First of all, I didn't say that Marx would have sided with the Mensheviks in the party split. I said that *if he did,* Lenin would ignore or dismiss his views. Second, I was talking about the split which took place years before the War. In the 1900's there was no disagreement between Bolsheviks and Mensheviks on whether socialists should oppose imperialist wars. Their disagreements were largely about organizational questions. Most western European social democrats who knew about the split were puzzled by it and didn't think there were sufficient grounds for it. Bebel told Maxim Litvinov, "But you are children!"
http://books.google.com/books?id=dN5V8WX5WP0C&pg=PA266 (That might, or might not, have been Marx's position.) Third, it is not true that the Mensheviks came out in favor of the war in 1914. The Mensheviks and Bolsheviks in the Duma walked out of the session and refused to vote for credits--and then issued a joint statement attacking the “false patriotism under which the ruling classes wage their predatory policy." Now one can argue that the statement was not unequivocally anti-war enough, because it also stated "that the proletariat would defend the cultural treasures of the people against all attacks, no matter where they came from, whether from within or from without."
http://www.marxists.org/archive/cliff/works/1976/lenin2/ch02.htm But equivocal or not, it was agreed to by Bolsheviks and Mensheviks alike, and was more anti-war than the position of any other social democratic party in Europe. (Plekhanov, who was enthusiastic about the war, was as isolated from the Menshviks as from the Bolsheviks.) The Mensheviks did not become clearly "defensist" until after the February Revolution.

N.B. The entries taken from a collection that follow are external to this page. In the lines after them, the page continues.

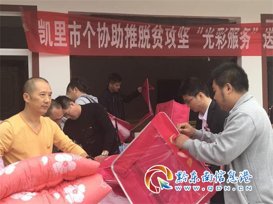 本次捐贈活動的經費,主要由凱里市個私協黨支部的黨員籌集,戶均所領物資價值約250元。凱里市政協副主席舒宋昌出席捐贈儀式,凱里市市場監督管理局、凱里市個協黨總支、爐山鎮黨委、政府等部門參加儀式。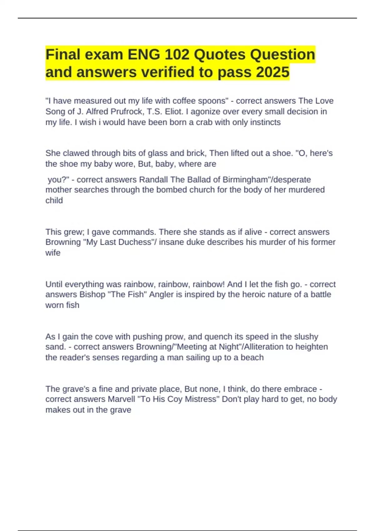 Final exam ENG 102 Quotes Question and answers verified to pass 2025 "I have measured out my life with coffee spoons" - correct answers The Love Song of J. Alfred Prufrock, T.S. Eliot. I agonize over every small decision in my life. I wish i would have been born a crab with only instincts She clawed through bits of glass and brick, Then lifted out a shoe. "O, here's the shoe my baby wore, But, baby, where are you?" - correct answers Randall The Ballad of Birmingham"/desperate mother searches through the bombed church for the body of her murdered child This grew; I gave commands. There she stands as if alive - correct answers Browning "My Last Duchess"/ insane duke describes his murder of his former wife Until everything was rainbow, rainbow, rainbow! And I let the fish go. - correct answers Bishop "The Fish" Angler is inspired by the heroic nature of a battle worn fish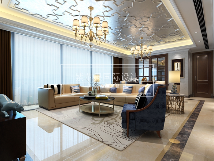 客廳:客廳作為待客區(qū)域,一般要求簡潔明快,同時(shí)裝修較其它空間要更明快光鮮,通常使用大量的石材和木飾面裝飾;美國人喜歡有歷史感的東西,這不僅反映在軟裝擺件上對(duì)仿古藝術(shù)品的喜愛,同時(shí)也反映在裝修上對(duì)各種仿古墻地磚、石材的偏愛和對(duì)各種仿舊工藝的追求上。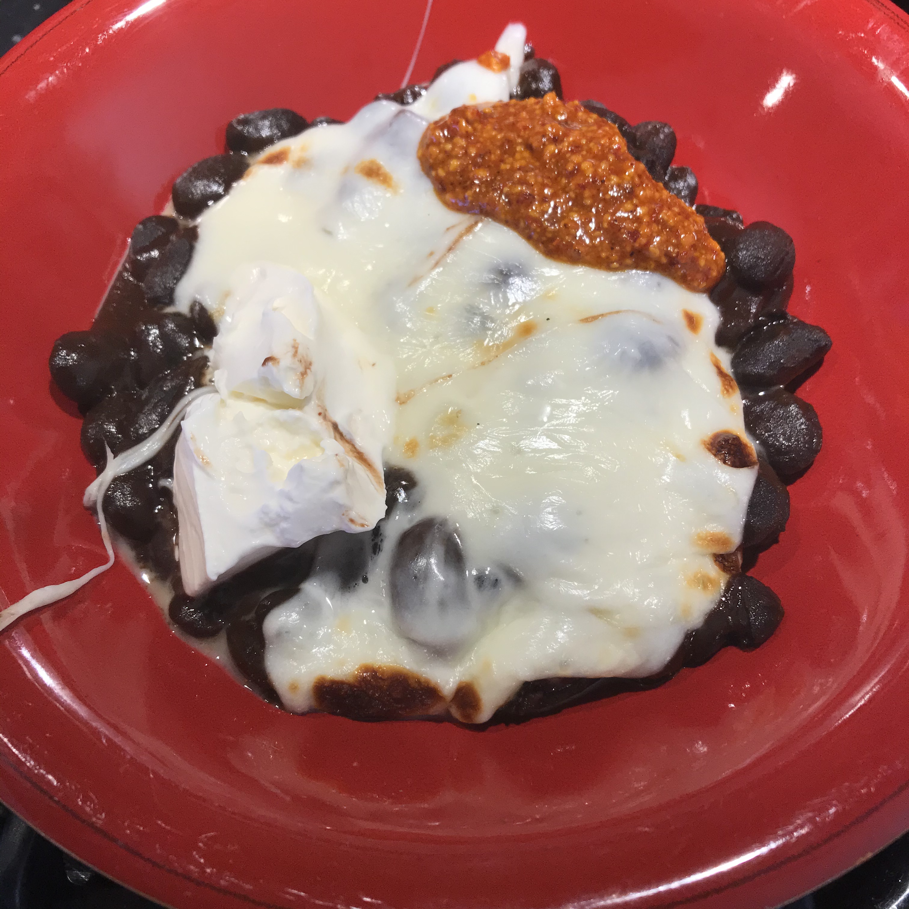 It’s great on a grilled tortilla as a snack or cook’s treat, and good as a table condiment with any dish that isn’t too delicate in flavor. I’ve enjoyed it with shrimp rubbed with chipotle and garlic and grilled. It would be good with simply cooked and salted earthy greens. Today I dished up simply cooked black beans from Rancho Gordo, grilled some asadero on top, and dolloped some creme fraiche and salsa macha on the side. Simple, filling, and interesting to eat.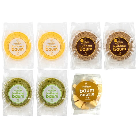 【数量・内容】とりたまバウム(プレーン、抹茶、コーヒー) 各65g×2、バウムクッキープレーン100g×1

Marx and Engels during their lives were not neutral in capitalist wars (and of course *all* wars were waged by capitalist or feudal powers at the time). They favored the victory of whatever nation (i.e., whatever national ruling class) would have the most advantageous consequences for the working-class movement. In particular, they wanted to see Tsarist Russia defeated, as they considered it the basis of reaction in Europe. Their anti-Russian statements were constantly cited by pro-war German Social Democrats in 1914-17.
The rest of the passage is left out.